START RECORDED INFORMATION
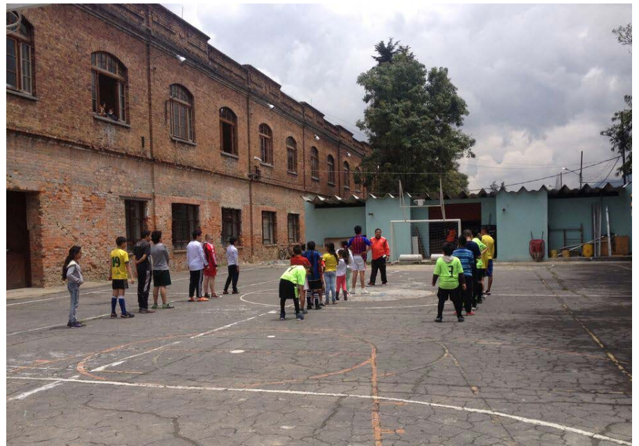
Figura 5. Proyecto de construcción social de espacio público. Localidad de Los Mártires, Bogotá (Colombia). Colectivo Amigos de la Estación. Estación de la Sabana

Es precisamente este el fundamento del urbanismo participativo, la gestión del territorio a través del activismo social. Así pues, después de
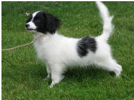
valp o vuxen

Svansen ska vara ganska högt ansatt och ganska lång. Den skall ha en riklig fana som ska bilda vacker plym. När hunden är alert skall svansen bäras lyft i en båge över rygglinjen, varvid svanspetsen får vidröra ryggen. Svansen får aldrig vara rullad eller ligga platt på ryggen.
END RECORDED INFORMATION
▸ EXERCISE REQUIREMENTS:
Tally the lines above containing "social". Number only.

▸ SOLUTION:
2